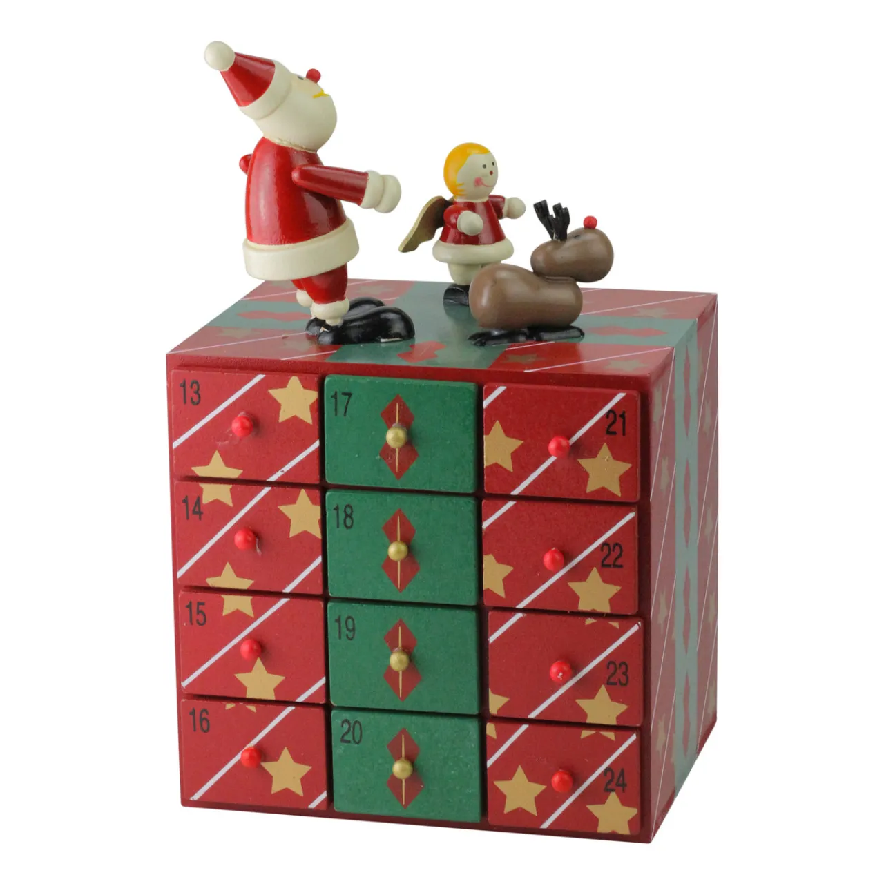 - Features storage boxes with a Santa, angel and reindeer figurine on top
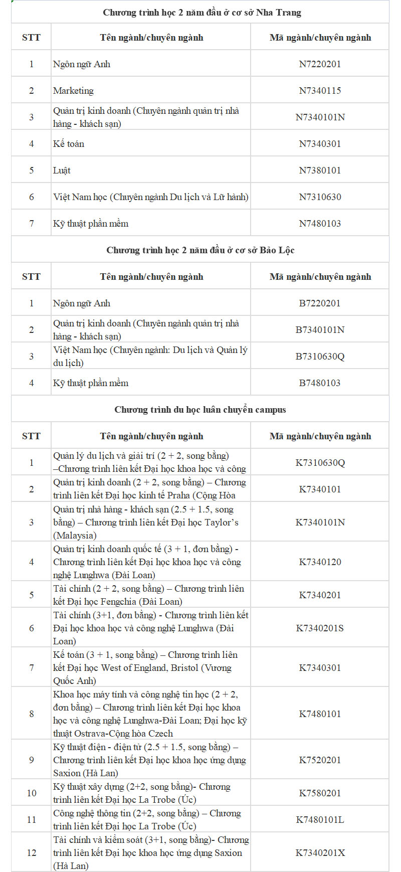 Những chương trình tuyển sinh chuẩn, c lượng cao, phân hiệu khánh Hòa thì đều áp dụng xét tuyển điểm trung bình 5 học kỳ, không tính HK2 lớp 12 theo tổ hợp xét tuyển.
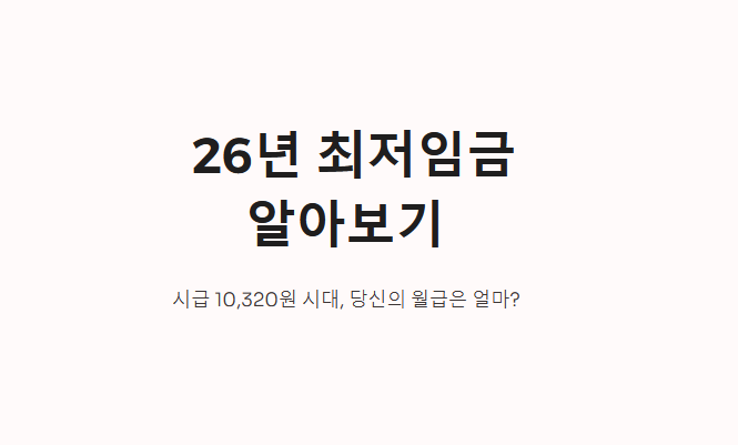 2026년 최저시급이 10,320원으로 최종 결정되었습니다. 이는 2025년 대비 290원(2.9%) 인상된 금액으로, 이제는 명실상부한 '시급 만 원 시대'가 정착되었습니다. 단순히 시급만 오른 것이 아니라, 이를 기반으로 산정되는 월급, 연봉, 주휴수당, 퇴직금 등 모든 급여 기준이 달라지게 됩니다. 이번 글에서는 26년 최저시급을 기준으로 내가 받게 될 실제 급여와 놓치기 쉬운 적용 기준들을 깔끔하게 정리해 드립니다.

==

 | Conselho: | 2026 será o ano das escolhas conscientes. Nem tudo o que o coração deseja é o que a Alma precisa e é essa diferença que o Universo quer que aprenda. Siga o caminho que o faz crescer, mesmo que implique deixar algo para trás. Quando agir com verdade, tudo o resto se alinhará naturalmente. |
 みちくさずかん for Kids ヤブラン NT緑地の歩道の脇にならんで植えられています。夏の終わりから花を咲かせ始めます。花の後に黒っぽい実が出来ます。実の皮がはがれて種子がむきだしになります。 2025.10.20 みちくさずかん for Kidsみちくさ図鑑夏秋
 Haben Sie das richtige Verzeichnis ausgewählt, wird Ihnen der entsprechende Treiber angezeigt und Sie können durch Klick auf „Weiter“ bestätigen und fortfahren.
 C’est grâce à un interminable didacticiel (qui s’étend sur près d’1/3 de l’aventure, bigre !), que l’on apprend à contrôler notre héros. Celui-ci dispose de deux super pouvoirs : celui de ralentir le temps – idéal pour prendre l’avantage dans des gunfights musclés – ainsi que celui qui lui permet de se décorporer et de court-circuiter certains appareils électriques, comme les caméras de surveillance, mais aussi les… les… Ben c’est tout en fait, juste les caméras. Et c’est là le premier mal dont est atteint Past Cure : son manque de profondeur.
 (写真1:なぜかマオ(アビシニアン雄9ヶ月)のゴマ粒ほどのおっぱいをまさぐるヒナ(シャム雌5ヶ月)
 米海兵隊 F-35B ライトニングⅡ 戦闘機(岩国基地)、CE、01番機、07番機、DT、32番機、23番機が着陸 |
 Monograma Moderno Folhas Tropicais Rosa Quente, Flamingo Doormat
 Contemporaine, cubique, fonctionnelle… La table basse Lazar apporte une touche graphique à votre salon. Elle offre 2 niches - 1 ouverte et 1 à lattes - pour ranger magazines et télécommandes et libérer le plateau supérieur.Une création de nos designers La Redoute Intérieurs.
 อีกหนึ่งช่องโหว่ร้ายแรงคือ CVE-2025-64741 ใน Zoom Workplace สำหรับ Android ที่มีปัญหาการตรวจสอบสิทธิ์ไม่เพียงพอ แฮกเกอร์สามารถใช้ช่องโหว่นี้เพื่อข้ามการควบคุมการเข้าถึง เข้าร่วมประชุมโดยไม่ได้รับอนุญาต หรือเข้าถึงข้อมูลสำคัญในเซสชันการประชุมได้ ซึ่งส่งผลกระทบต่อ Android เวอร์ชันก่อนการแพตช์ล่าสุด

■ **Exercise instructions**
The reply should hold exactly the lines above, starting at the line with "Những chương trình" and ending at the line with "2026년 최저시급이 10,320원으로", and no pictures.

■ **Solution below**
 Những chương trình tuyển sinh chuẩn, c lượng cao, phân hiệu khánh Hòa thì đều áp dụng xét tuyển điểm trung bình 5 học kỳ, không tính HK2 lớp 12 theo tổ hợp xét tuyển.
 2026년 최저시급이 10,320원으로 최종 결정되었습니다. 이는 2025년 대비 290원(2.9%) 인상된 금액으로, 이제는 명실상부한 '시급 만 원 시대'가 정착되었습니다. 단순히 시급만 오른 것이 아니라, 이를 기반으로 산정되는 월급, 연봉, 주휴수당, 퇴직금 등 모든 급여 기준이 달라지게 됩니다. 이번 글에서는 26년 최저시급을 기준으로 내가 받게 될 실제 급여와 놓치기 쉬운 적용 기준들을 깔끔하게 정리해 드립니다.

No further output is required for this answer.